You release a block from the top of a long, slippery inclined plane of length l that makes an angle θ with the horizontal. The magnitude of the block's acceleration is gsin(θ).1. For an x axis pointing down the incline and having its origin at the release position, derive an expression for the potential energy of the block-Earth system as a function of x. Suppose that the gravitational potential energy is measured relative to the ground at the bottom of the incline, UG(x=l)=0.Express your answer in terms of g and the variables m, l, x, and θ.(U^G=?)2. Use the expression you derived in the previous part to determine the speed of the block at the bottom of the incline. (Vx,f=?)Express your answer in terms of g and the variables m, l, and θ.

Answer 1

Answer:

UG (x) = m*g*x*sin(Q)

Vx,f (x)= sqrt (2*g*x*sin(Q))

Explanation:

Given:

- The length of the friction less surface L

- The angle Q is made with horizontal

- UG ( x = L ) = 0

- UK ( x = 0) = 0

Find:

derive an expression for the potential energy of the block-Earth system as a function of x.

determine the speed of the block at the bottom of the incline.

Solution:

- We know that the gravitational potential of an object relative to datum is given by:

                                   UG = m*g*y

Where,

m is the mass of the object

g is the gravitational acceleration constant

y is the vertical distance from datum to the current position.

- We will consider a right angle triangle with hypotenuse x and angle Q with the base and y as the height. The relation between each variable can be given according to Pythagoras theorem as follows:

                                      y = x*sin(Q)

- Substitute the above relationship in the expression for UG as follows:

                                      UG = m*g*x*sin(Q)

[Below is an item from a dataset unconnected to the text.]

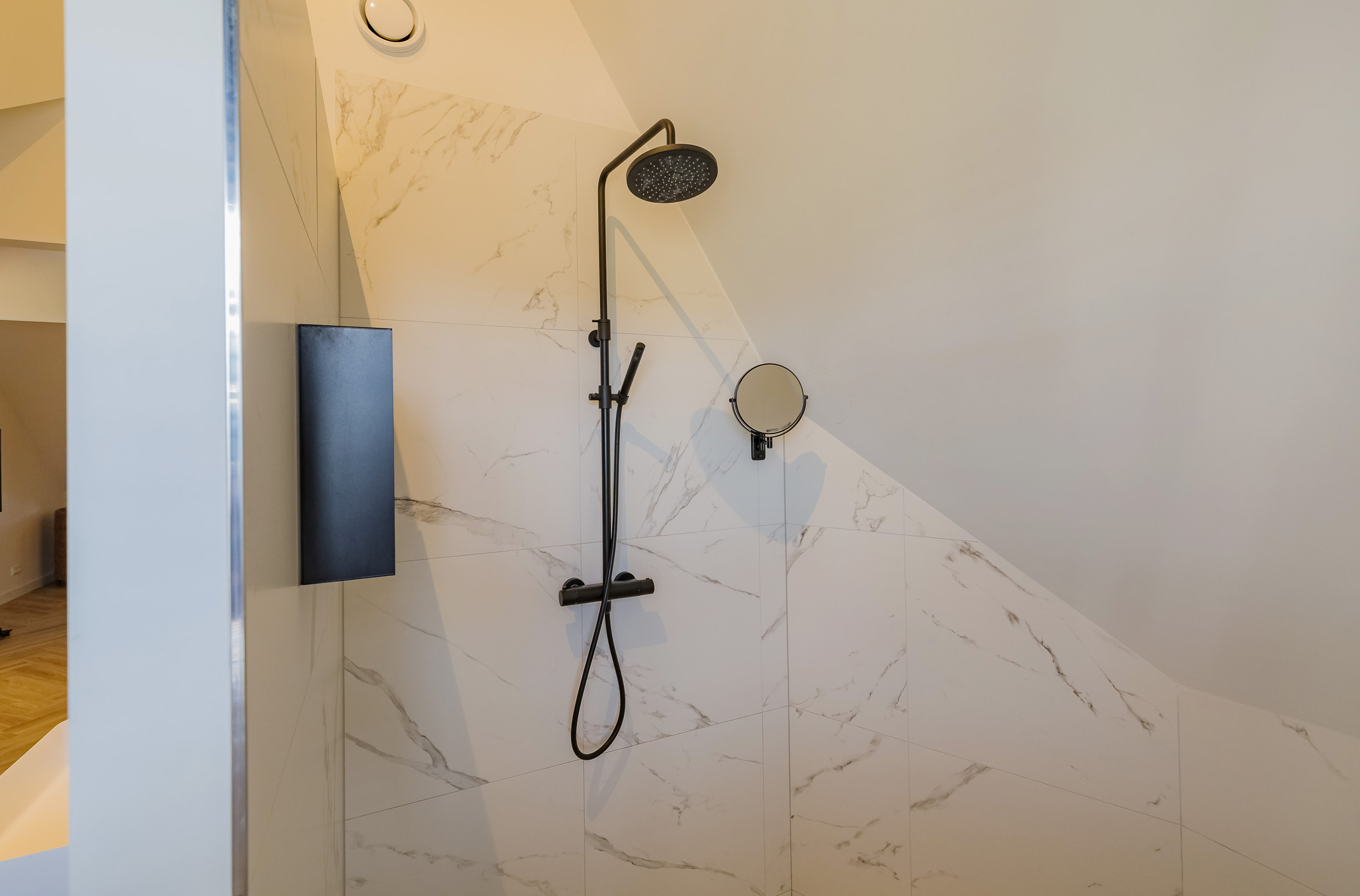 The second floor is a wonderful private retreat: a spacious bedroom with its own walk-in closet and a spacious, luxurious bathroom. An ideal place to completely unwind. There is also a laundry/boiler room with a Japanese toilet.

- To formulate an expression of velocity at the bottom we can use an energy balance or law of conservation of energy on the block:

                                      UG = UK

- Where UK is kinetic energy given by:

                                      UK = 0.5*m*Vx,f^2

Where Vx,f is the final velocity of the object @ x:

                                     m*g*x*sin(Q) = 0.5*m*Vx,f^2

-Simplify and solve for Vx,f:

                                    Vx,f^2 = 2*g*x*sin(Q)

Hence, Velocity is given by:

                                     Vx,f = sqrt (2*g*x*sin(Q))